The dramatic story of Rodrigue Sterling and Antoinette Tabone

When I still hustled articles for the Maltese press, two lifetimes ago, I had once published a story that happened back in the 1960s about a dashing and dramatic couple who turned to crime after having been consumed by love. This is the story of Rodrigue Sterling and Antoinette Tabone, a story that will go down in our history books. Initially, I found this story interesting because the couple had robbed Dom Mintoff’s villa in Delimara, but when I researched it, I ended up discovering a story for romantic novels.

Rodrigue Sterling was a Maltese engineer of British descent working at the Dockyard. He had everything going on in his life: a villa in Marsascala, a family with kids, and a very bright future. Everything in his life changed when he met a poor and beautiful seamstress in Birgu called Antoinette Tabone and they both fell madly in love with each other.

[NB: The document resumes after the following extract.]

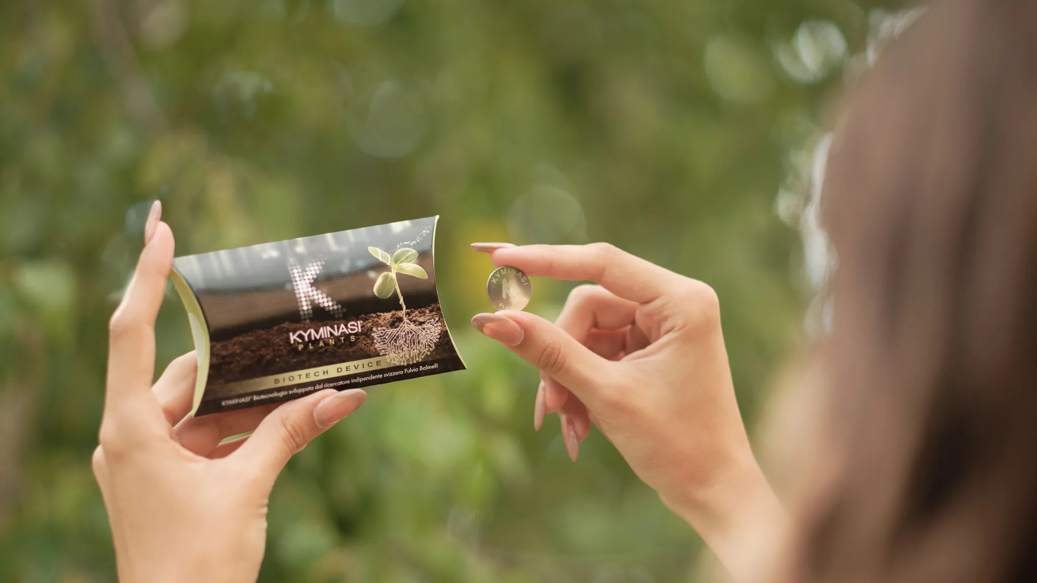 Dispositivo biotecnologico in acciaio inossidabile AISI 316 L in cui sono memorizzati, attraverso macchine elettromedicali di biorisonanza, pacchetti di frequenze biofisiche/quantistiche stabilizzate che migliorano la salute del mondo vegetale, attraverso l’acqua di irrigazione, grazie al principio della risonanza d’onda. Il dispositivo va applicato nell’apposito alloggiamento del raccordo Kyminasi Booster, il quale va installato a monte dell’impianto di irrigazione (p.e. in ambito residenziale) e si attiva quando l'acqua scorre per la prima volta all’interno dell’impianto.

Subsequently, Rodrigue left his family and his job and moved out of his villa with Antoinette in the shabby kerrejja of Birgu. Stuck both in poverty, they turned to crime to sustain themselves and Rodrigue in trying to be ethical about his criminal activity, decided to rob only rich people’s houses, many of which were of people he knew. Eventually, the police caught them as they set up Rodrigue with a meeting to supposedly buy some stamps from him that he had stolen.

Rodrigue ended up losing everything, of course, went to prison as he decided to take the blame for everything, and eventually got sick and went blind. Antoinette kept taking care of him until the end of his life. I know Rodrigue passed away, but I don’t know about Antoinette. She still kept making dresses even late in her life and many old people in Birgu know her. Many years have passed since then, and this story is now in our history.

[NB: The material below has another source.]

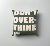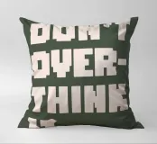 Un design minimalista con un gomitolo aggrovigliato di fili colorati che si dipana lentamente in una linea retta. La frase "Don't Overthink It" (Non pensarci troppo) è riportata in una tipografia pulita e moderna, che sfuma delicatamente dal grassetto alla luce per riflettere la calma chiarezza. Lo sfondo sereno in tenui toni pastello esalta il messaggio di semplicità e abbandono.

Cases of theft back then were much more common due to the extensive poverty in the Islands. This story is also unique and particular in many ways. Antoinette is also a very interesting character for the fact that she was a self-employed woman back when most women didn’t even work. I imagine her to have been quite a character back then.

 

2 Comments

  1. Very interesting story. Romance can blind people to justifying the unjustifiable and drive them towards the most crackpot conspiracies.

    In 1972, John Wojtowicz committed a wild bank robbery in New York because of romance. Wojtowicz divorced his wife (with whom he had two children) a few years prior to the robbery and met Ernest Aron, with whom he fell madly in love and unofficially married in 1971 (when same-sex marriage was still not legally recognised). Aron was a transgender who wanted to physically become a woman, but the couple could not afford to pay for the sex change, so the bank robbery was planned to be able to fund the surgery, although Wojtowicz having debts with a mafia may have had something to do with it too.

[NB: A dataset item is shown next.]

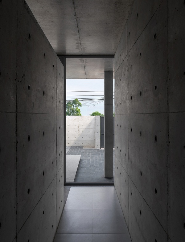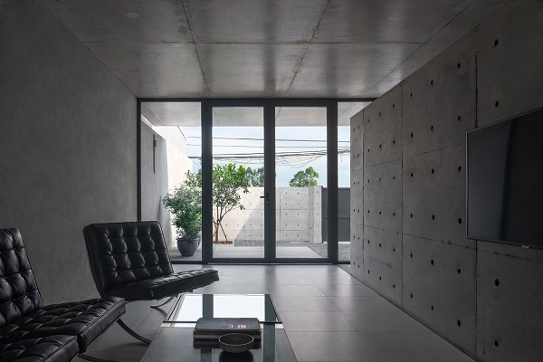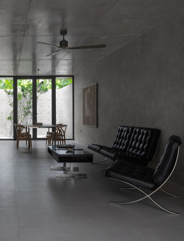 Ngoài ra bức tường bê tông cao khoảng 2.2m được sử dụng làm giải pháp ngăn cách không gian sinh hoạt chung và không gian riêng tư của các thành viên trong gia đình.

    The bank robbery failed, Wojtowicz was caught and he ended up in prison, but Aron (who would later have the desired surgery and adopt the name Elizabeth Eden) used to visit him in prison every month, until she found another love interest. Eden died of AIDS at the age of 41 but Wojtowicz lived until 2006.

    The 1975 film Dog Day Afternoon, directed by Sidney Lumet and starring, among others, Al Pacino, is loosely based on the Wojtowicz and Eden romantic drama and bank robbery. Entertaining, if tragic, stuff. Maybe a Maltese movie maker will take up the Rodrigue Sterling and Antoinette Tabone story and preserve it on film.